Omit the images and return the remaining entries unchanged.

>>>>

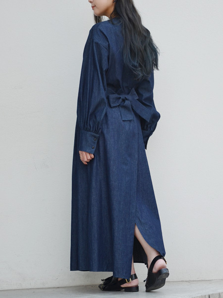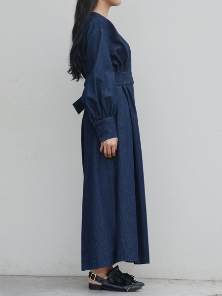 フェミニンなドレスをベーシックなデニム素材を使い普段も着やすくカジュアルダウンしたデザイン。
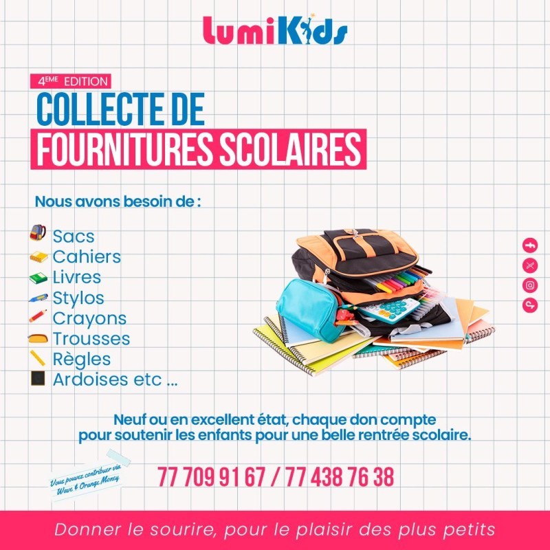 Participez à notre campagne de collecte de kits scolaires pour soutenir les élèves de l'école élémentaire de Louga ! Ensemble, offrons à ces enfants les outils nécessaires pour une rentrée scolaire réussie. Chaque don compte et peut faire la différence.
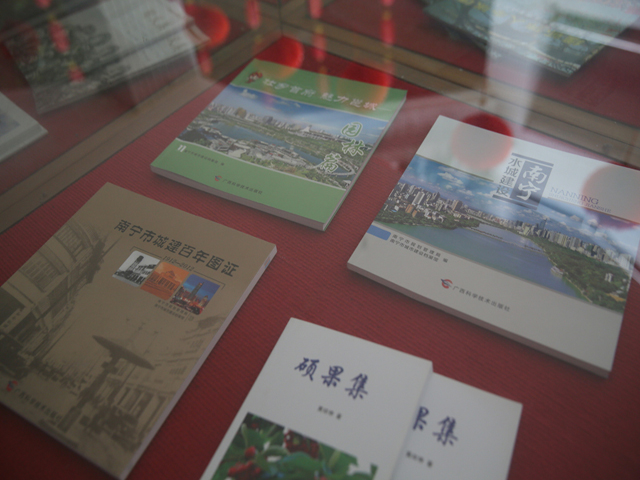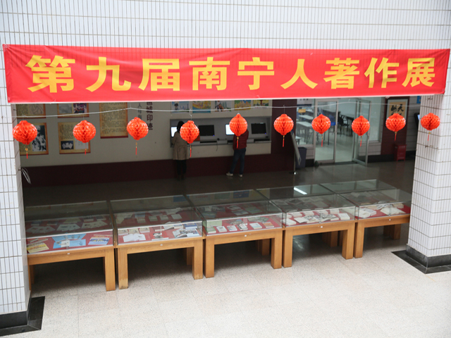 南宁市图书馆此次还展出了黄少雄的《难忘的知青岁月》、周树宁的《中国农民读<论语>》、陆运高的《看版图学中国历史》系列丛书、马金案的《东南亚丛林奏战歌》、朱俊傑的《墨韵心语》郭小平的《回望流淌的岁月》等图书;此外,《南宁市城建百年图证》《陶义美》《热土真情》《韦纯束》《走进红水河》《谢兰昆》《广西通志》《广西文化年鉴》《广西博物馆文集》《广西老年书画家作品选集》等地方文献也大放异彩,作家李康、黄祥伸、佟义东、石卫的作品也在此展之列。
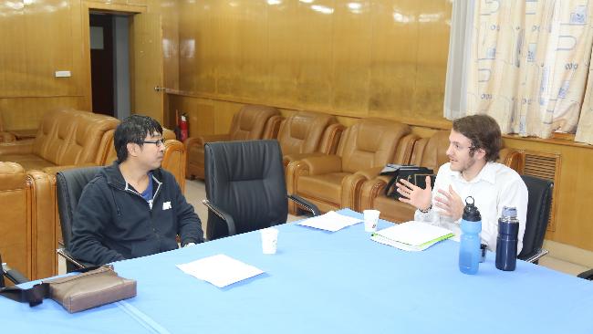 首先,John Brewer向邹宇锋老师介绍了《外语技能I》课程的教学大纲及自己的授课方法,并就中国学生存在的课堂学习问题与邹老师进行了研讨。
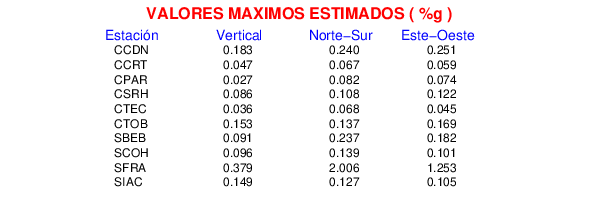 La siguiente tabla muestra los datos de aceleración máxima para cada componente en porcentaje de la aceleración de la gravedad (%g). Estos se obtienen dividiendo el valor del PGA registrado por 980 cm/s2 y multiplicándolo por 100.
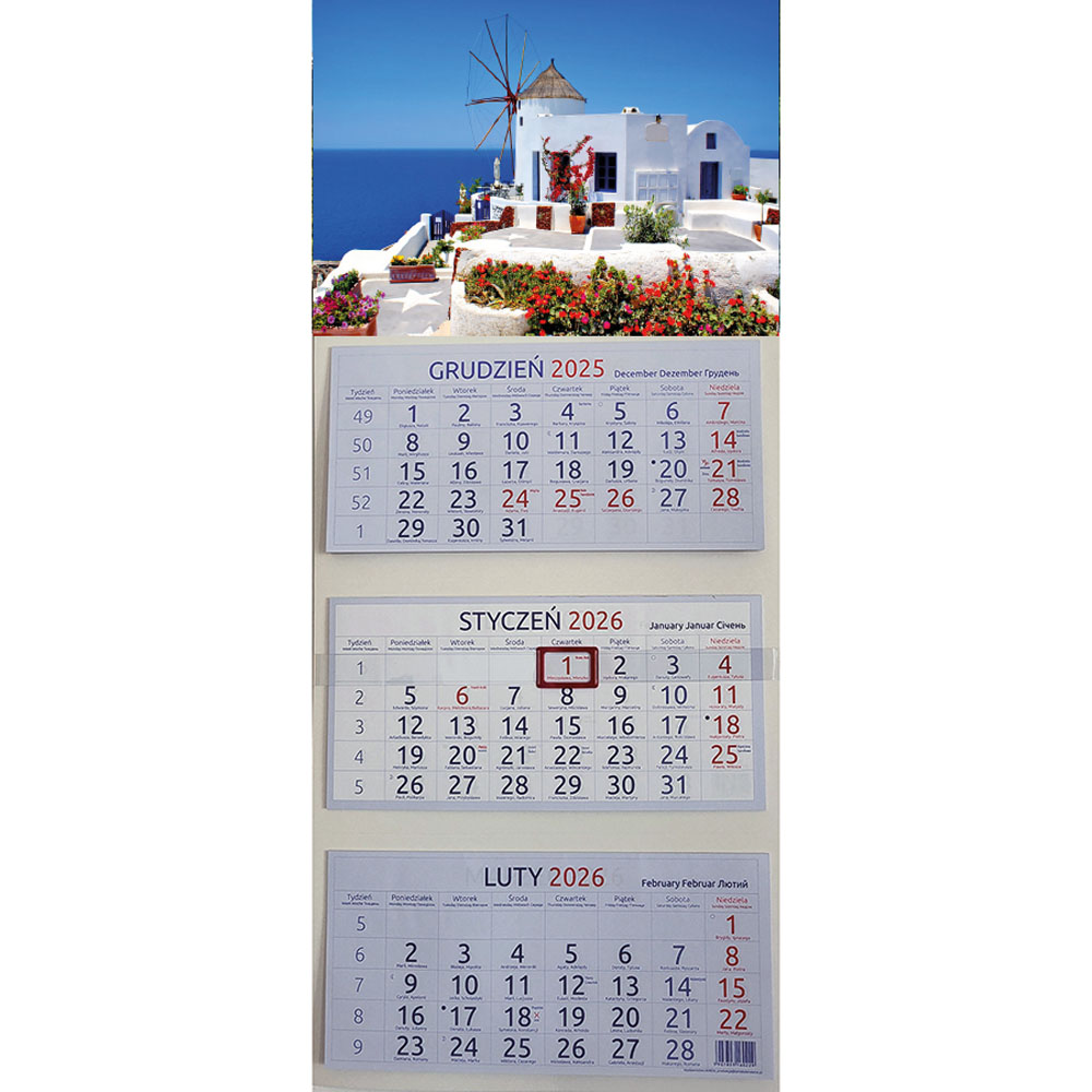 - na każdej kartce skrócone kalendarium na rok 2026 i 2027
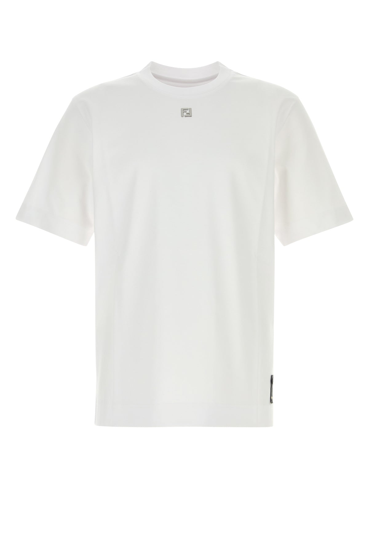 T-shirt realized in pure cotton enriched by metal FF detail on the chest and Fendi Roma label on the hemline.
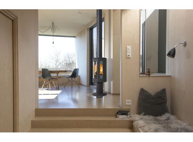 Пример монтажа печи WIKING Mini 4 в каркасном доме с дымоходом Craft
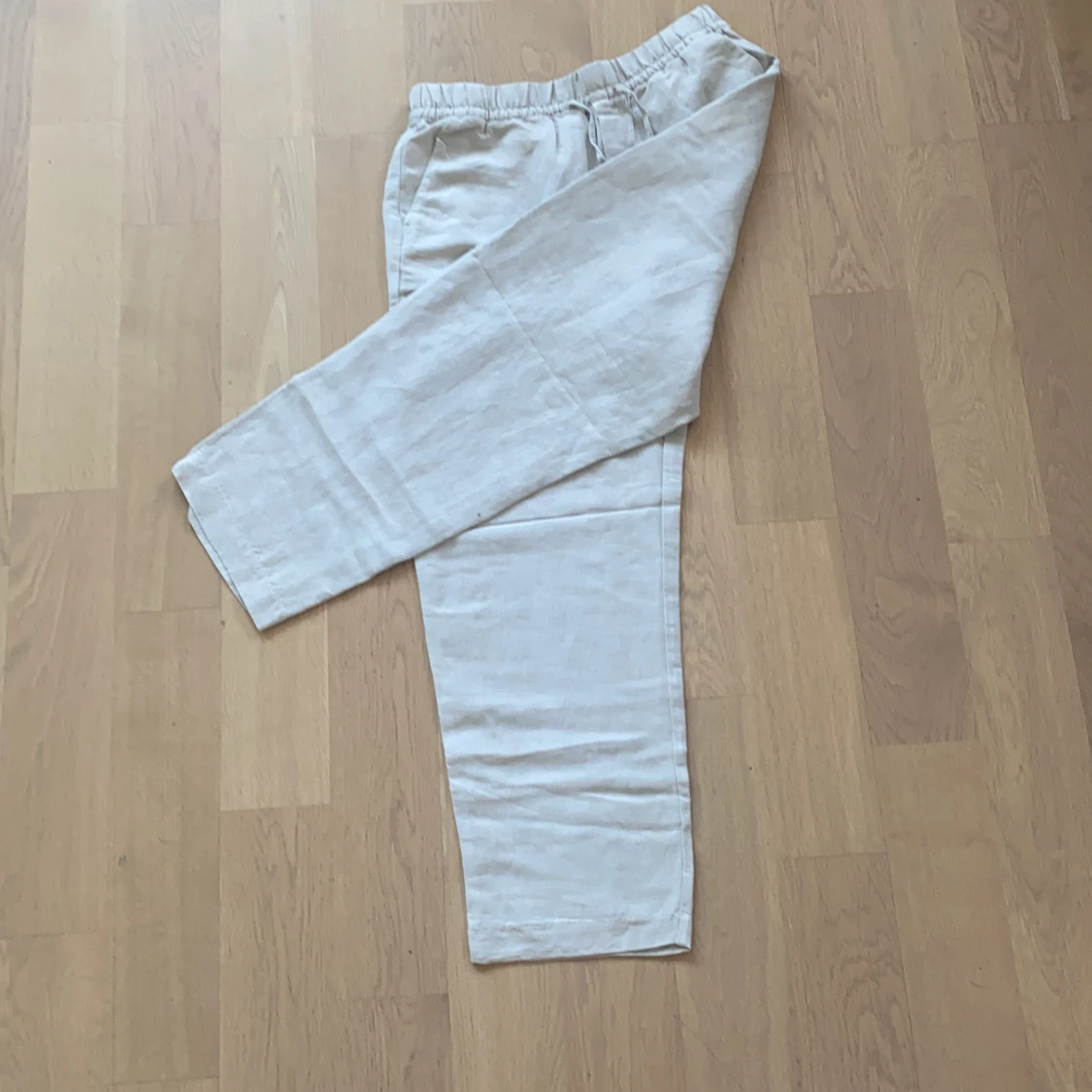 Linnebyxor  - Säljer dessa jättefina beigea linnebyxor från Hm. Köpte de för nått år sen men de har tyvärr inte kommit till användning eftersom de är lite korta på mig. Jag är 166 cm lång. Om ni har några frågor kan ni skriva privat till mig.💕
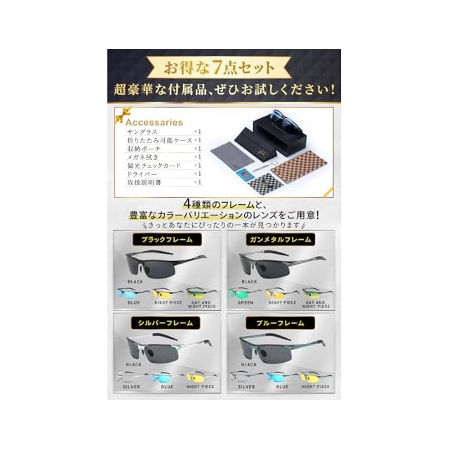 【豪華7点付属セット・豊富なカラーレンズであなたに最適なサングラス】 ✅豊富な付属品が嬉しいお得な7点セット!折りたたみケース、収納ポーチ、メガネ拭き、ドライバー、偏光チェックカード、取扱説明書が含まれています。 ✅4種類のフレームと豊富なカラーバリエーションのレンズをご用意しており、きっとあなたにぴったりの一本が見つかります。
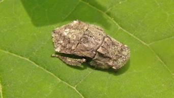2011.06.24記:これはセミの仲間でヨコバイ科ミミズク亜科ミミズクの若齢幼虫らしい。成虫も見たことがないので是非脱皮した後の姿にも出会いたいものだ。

<<<<

• [Reply to the exercise]
 フェミニンなドレスをベーシックなデニム素材を使い普段も着やすくカジュアルダウンしたデザイン。
 Participez à notre campagne de collecte de kits scolaires pour soutenir les élèves de l'école élémentaire de Louga ! Ensemble, offrons à ces enfants les outils nécessaires pour une rentrée scolaire réussie. Chaque don compte et peut faire la différence.
 南宁市图书馆此次还展出了黄少雄的《难忘的知青岁月》、周树宁的《中国农民读<论语>》、陆运高的《看版图学中国历史》系列丛书、马金案的《东南亚丛林奏战歌》、朱俊傑的《墨韵心语》郭小平的《回望流淌的岁月》等图书;此外,《南宁市城建百年图证》《陶义美》《热土真情》《韦纯束》《走进红水河》《谢兰昆》《广西通志》《广西文化年鉴》《广西博物馆文集》《广西老年书画家作品选集》等地方文献也大放异彩,作家李康、黄祥伸、佟义东、石卫的作品也在此展之列。
 首先,John Brewer向邹宇锋老师介绍了《外语技能I》课程的教学大纲及自己的授课方法,并就中国学生存在的课堂学习问题与邹老师进行了研讨。
 La siguiente tabla muestra los datos de aceleración máxima para cada componente en porcentaje de la aceleración de la gravedad (%g). Estos se obtienen dividiendo el valor del PGA registrado por 980 cm/s2 y multiplicándolo por 100.
 - na każdej kartce skrócone kalendarium na rok 2026 i 2027
 T-shirt realized in pure cotton enriched by metal FF detail on the chest and Fendi Roma label on the hemline.
 Пример монтажа печи WIKING Mini 4 в каркасном доме с дымоходом Craft
 Linnebyxor  - Säljer dessa jättefina beigea linnebyxor från Hm. Köpte de för nått år sen men de har tyvärr inte kommit till användning eftersom de är lite korta på mig. Jag är 166 cm lång. Om ni har några frågor kan ni skriva privat till mig.💕
 【豪華7点付属セット・豊富なカラーレンズであなたに最適なサングラス】 ✅豊富な付属品が嬉しいお得な7点セット!折りたたみケース、収納ポーチ、メガネ拭き、ドライバー、偏光チェックカード、取扱説明書が含まれています。 ✅4種類のフレームと豊富なカラーバリエーションのレンズをご用意しており、きっとあなたにぴったりの一本が見つかります。
2011.06.24記:これはセミの仲間でヨコバイ科ミミズク亜科ミミズクの若齢幼虫らしい。成虫も見たことがないので是非脱皮した後の姿にも出会いたいものだ。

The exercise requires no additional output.